O Estado continua a ser a última referência e árbitro da segurança. Como dizia Grotius “O Estado é o dono da guerra”. Argumentam os realistas, a segurança corresponde a uma concepção negativa da paz, ou seja, em que esta última só existe temporariamente, quando se consegue prevenir a deflagração de conflitos.

Para Robert Gilpin, na teoria dos ciclos de poder, os Estados conservadores (partidários do status quo: EUA e ocidente) e os Estados predadores (revisionistas: China e Rússia) disputam entre si o controlo ou a mudança da ordem estabelecida. O poder há muito que foi definido como a capacidade de uma unidade política impor sua vontade às outras unidades, de acordo com Raymond Aron, citado por David.

O conflito da Ucrânia é mais um problema geopolítico, que os legítimos problemas históricos e identitários entrelaçados com a nação russa. Aliás, Putin tem deixado claro a sua oposição quanto ao alargamento da NATO. A Geopolítica é o que está ditar parte dos maiores teatros das políticas de segurança do Estado russo, uma vez que, os territórios determinam essencialmente a percepção dos interesses estatais. Na concorrência pela hegemônico, a geopolítica explica também a procura do poder. Os acordos de Minsk, assinados em 2014, na capital Bielorussia (Minsk), não produziram os resultados desejados de acordo o Kremlin.

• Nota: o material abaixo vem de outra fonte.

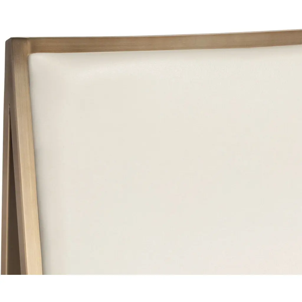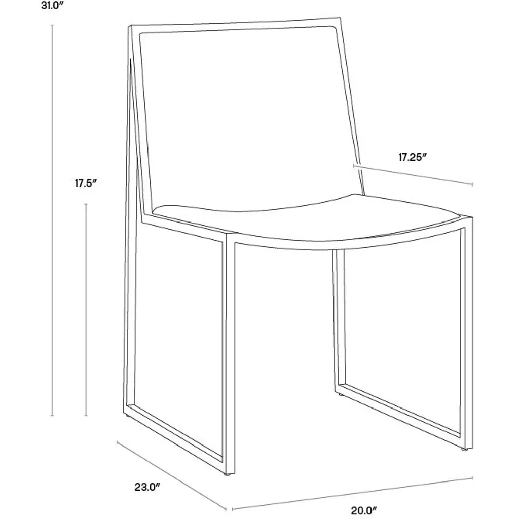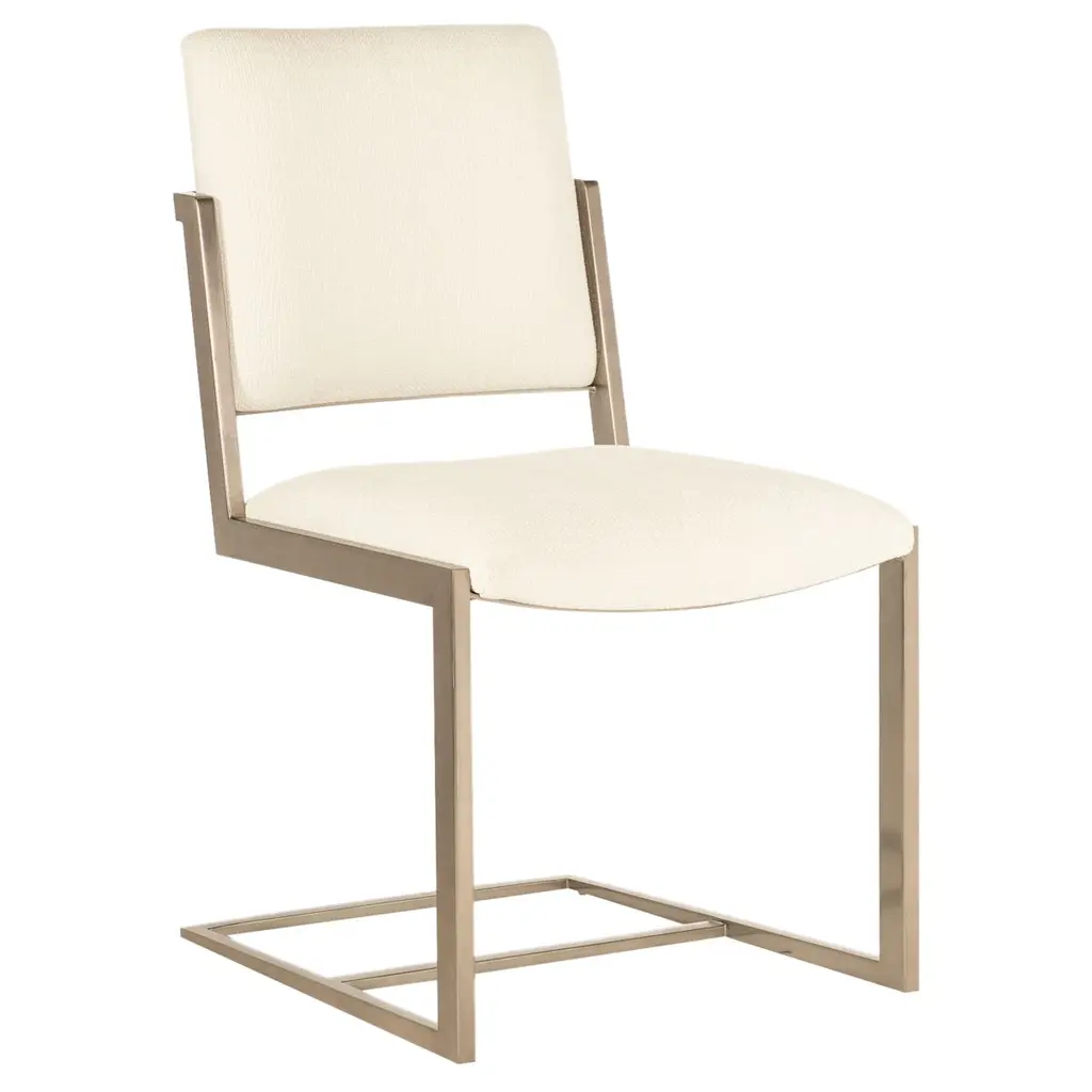The modern styling of this dining chair will add both glamour and edge to dining spaces. Features a sleek and streamlined antique brass frame with a smooth castillo cream faux leather seat. Handle With Care: This design has been crafted with faux leather. Faux leather is manufactured to reflect the natural characteristics of leather as such, colour variations, markings wrinkles, grooves, and light scratches are appreciated characteristics. No two pieces will be alike. Visit our Product Care page for more information on how to ensure the lasting beauty of this piece.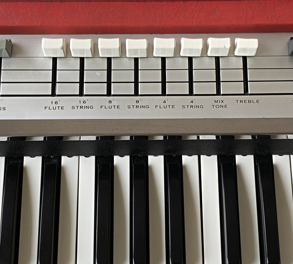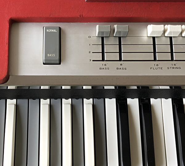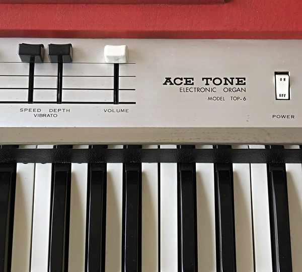 音色はFLUTEとSTRINGの2音色のバリエーション(16'/8'/4'/MIX)、ドローバーライクに操作可能なスライダーなど、Ace Tone TOPシリーズの中でも最もオルガンらしさを追求したモデルTOP-6です。特筆すべきは16'と8'の2オクターブ音色を持つベース鍵盤設定時のベース部(グレー反転)。VOXやFarfisaが採用している低音優先モノフォニックではなく和音可能なポリフォニックのためレガートで演奏しても音が途切れることはありません。さらに16'と8'をミックスした極太ベースサウンドも可能(※)。ベース部だけでも価値ありです。セカンドカーならぬセカンドコンボとしていかがでしょうか。

Entretanto, quanto mais um Estado possui e maximiza seus elementos e suas condições de poder, na visão dos realistas, mais possibilidades de influência no sistema. Para os realistas como Mearsheimer e Gilpin “ninguém pode prever que não haverá mais Gaius Marius, Júlio César, Napoleão ou Hittler no novo milênio. O poder americano é predominantemente hegemônico e dominam o conjunto dos elementos constitutivos do poder… um poder multidimensional (econômico, militar, industrial, científico e cultural). Os EUA consegue, na visão de alguns teóricos, ser o núcleo da roda no sentido do qual gravitam todos raios, a saber as relações entre as grandes potências. América é o grande guarda-chuva de todo ocidente.

A guerra ucraniana é uma contestação russa à dominação geopolítica é geoestratégica do ocidente (EUA). Um conflito dissuasivo para os americanos respeitarem a paz de equilíbrio do poder (balance of power) entre as grandes potências mundiais. Como descreveu um dos clássicos da estratégia, Clausewitz, “um acto cujo o objetivo é forçar o adversário a executar a nossa vontade”. Adicionou Clausewitz “A guerra é a continuação da política por outros meios” expressão muito famosa.

Contudo, a violência é condenável a todos os níveis, mas é preciso compreender a raiz da maldade no conflito que opõe as duas nações (Rússia vs Ucrânia). O problema deste conflito ultrapassam as fronteiras da Europa e os desejos de Putin. Como dizem os contestatários da NATO “A NATO não é uma bomba branca da paz”. Caso contrário, vamos continuar a semear os factores que levam à deflagração da guerra. Como ironizam os realistas: a guerra terá um ciclo como o “inverno”, pode atrasar, mas ele nunca deixa de vir (…). É também verdade, que isso não é uma situação que se resolve de ânimo leve, na medida em que, o poder é uma predisposição primitiva do homem, como observou Aristóteles. Mas, as estratégias da paz podem esbater todo esse conflito.